Dish continued to lose high-value satellite TV subscribers in the fourth quarter, shedding 381,000 subs in the period as carriage disputes with HBO and Univision remain unresolved.
The Q4 losses compare to satellite TV declines of 121,000 a year ago, with Dish’s traditional subscriber base now shrinking at a rate of 10.5 percent, according to MoffettNathanson analyst Craig Moffett. In a research note Moffett wrote that this represents a “sharp acceleration” from the 8.7 percent year over year rate in the third quarter.
And while Dish has been heavily promoting its vMVPD Sling TV and reported adding 47,000 subscribers, Moffett points out that the live streaming TV service is not likely to be the source of meaningful profits.
In regards to satellite pay TV subscriber losses, Moffett wrote, “These are the subscribers that matter. They are the ones that actually make money.”
HBO has been blacked out on Dish systems since October, while many Univision channels have been dark since June after failing to reach new distribution agreements.
In the fourth-quarter, satellite TV churn climbed higher, hitting 2.07 percent.
On the company’s fourth-quarter earnings call, Dish CEO Erik Carlson said that together, HBO and Univision account for a little more than half of net subscriber losses (334,000) in the period. Carlson noted Dish could see more impact if the company can’t reach an agreement with HBO (which is now owned by AT&T) ahead of the forthcoming Game of Thrones premiere in April.
Dish Chairman Charlie Ergen said AT&T “has taken a very anti-competitive approach to carriage because they view Dish potentially as one of their larger competitors.” He acknowledged that some customers do leave Dish, “because HBO is a very strong brand and has strong content.”
Still he said others can live without it, or find ways to watch the content like going to a friend’s house or resorting to piracy.
The blackouts do put pressure on ARPU when subscribers flee, as Dish charges $15 per month for HBO and $10 per month for sister network Cinemax, Ergen noted. Lower-value Sling TV customers also impact ARPU, which declined to $85.46 for the full year in 2018.
Overall revenue for the quarter was $3.31 billion, down 5 percent from a year ago.
On the call, Ergen also said that Dish still doesn’t know whether the FCC will approve the company’s planned Narrowband IoT network build – which it must do to meet a March 2020 buildout requirement or lose some of its spectrum.
“Obviously, we’re past the point of no return at this point to do something different,” Ergen said. “I don’t think there should be any skepticism about Narrowband IoT or Narrowband IoT build out meeting our commitment for the FCC, because I think the rules are pretty clear in terms of flexible use.”
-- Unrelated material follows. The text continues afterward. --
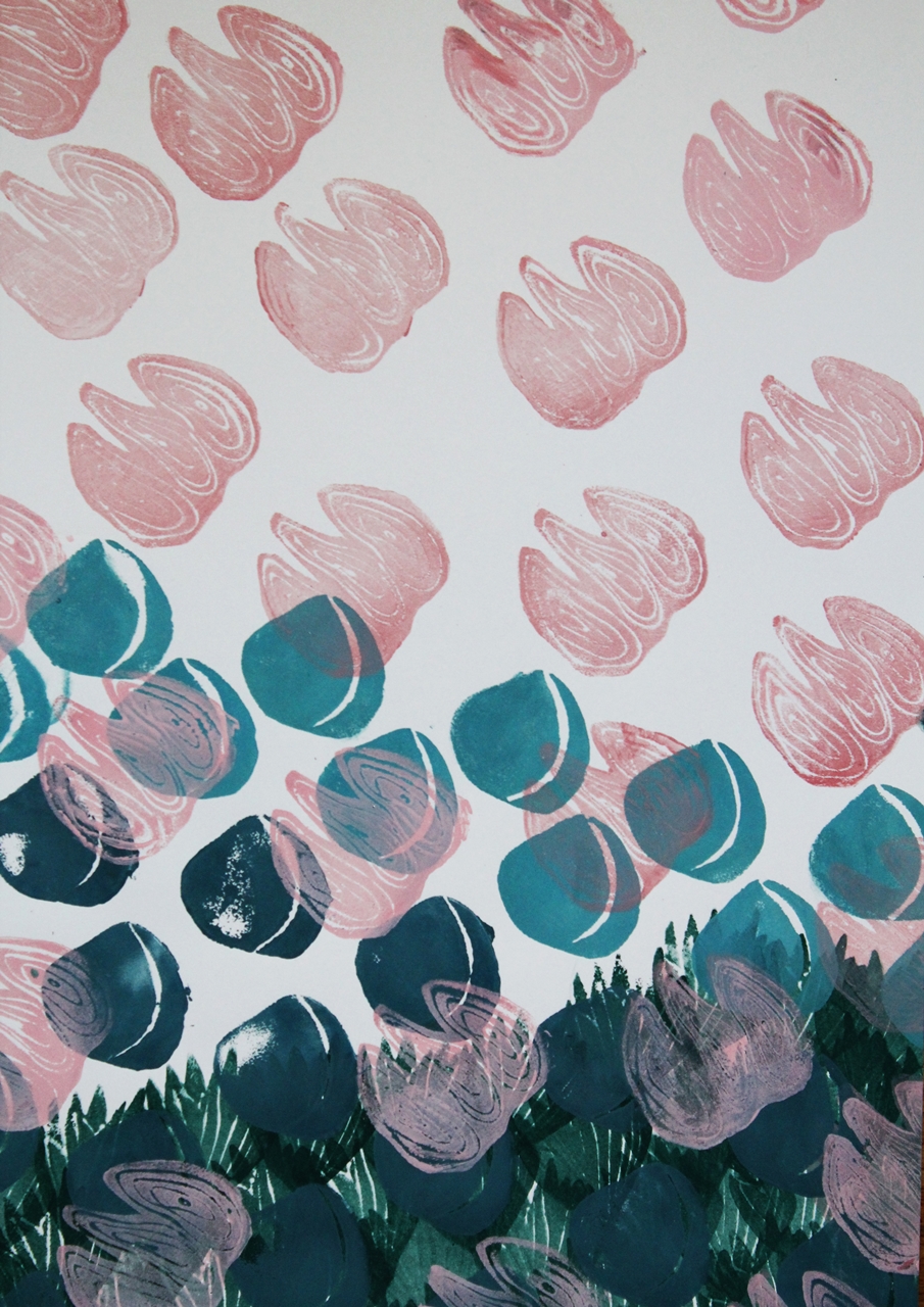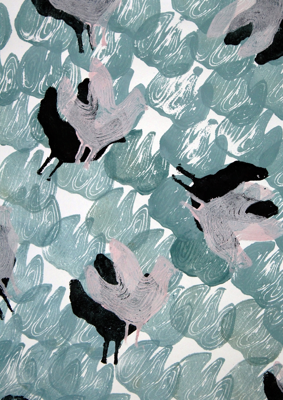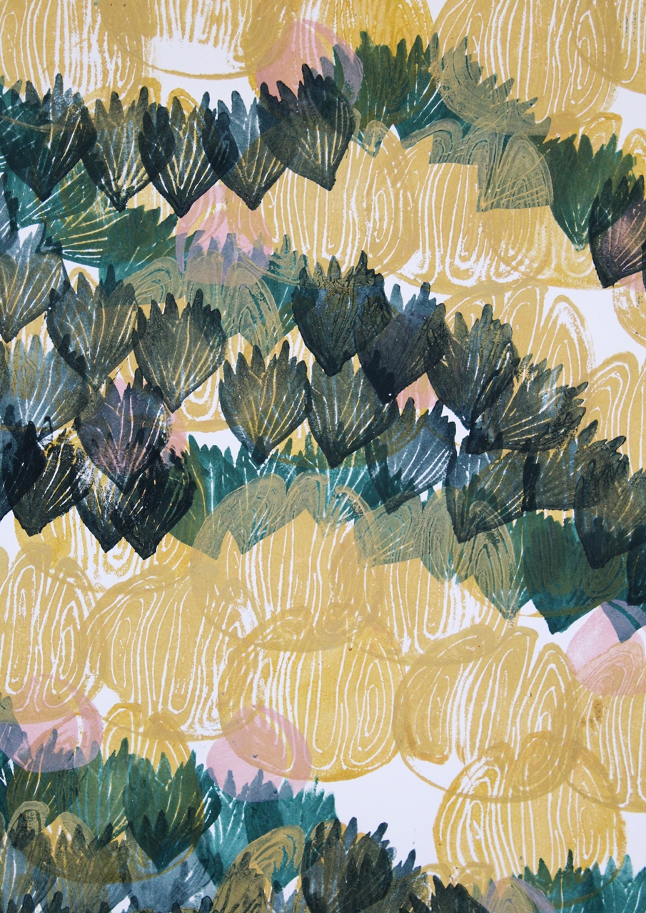 Bodnár Dorottya teraszai, Kovács Bianka csipegető galambjai vagy Váradi Lili élénk, montázsszerű munkái egy-egy városból vagy városrészből indultak ki. Tönköl Anna A levágott kezű lány Grimm meséjét idézi meg monotípiával és saját tenyerével, ujjbegyeivel készített terveiben. Velkey Virág a palóc népviseletből és motívumvilágból hozott létre nyomott mintákat, amelyeken az alsószoknyák rétegződését, egymáson való elcsúszását és mozgását jelenítette meg. László Franciska Nádja pedig a régi matyó minták elemeit használta fel, rétegelte és stilizálta – így a hagyományos motívumok modern színtrendeknek megfelelő átiratokként láthatók.

T-Mobile has raised questions as to whether Dish’s plan is even technically viable.
“Whether the FCC will deem a transparently unusable network to be a satisfactory solution to the March 2020 buildout requirement is unclear,” Moffett wrote. “We honestly have no idea whatsoever what (or when) the FCC will decide.”
Last year, Dish said it would spend between $500 million and $1 billion over the next two years on its initial network buildout, while putting a $10 billion price tag on a nationwide 5G network further down the line.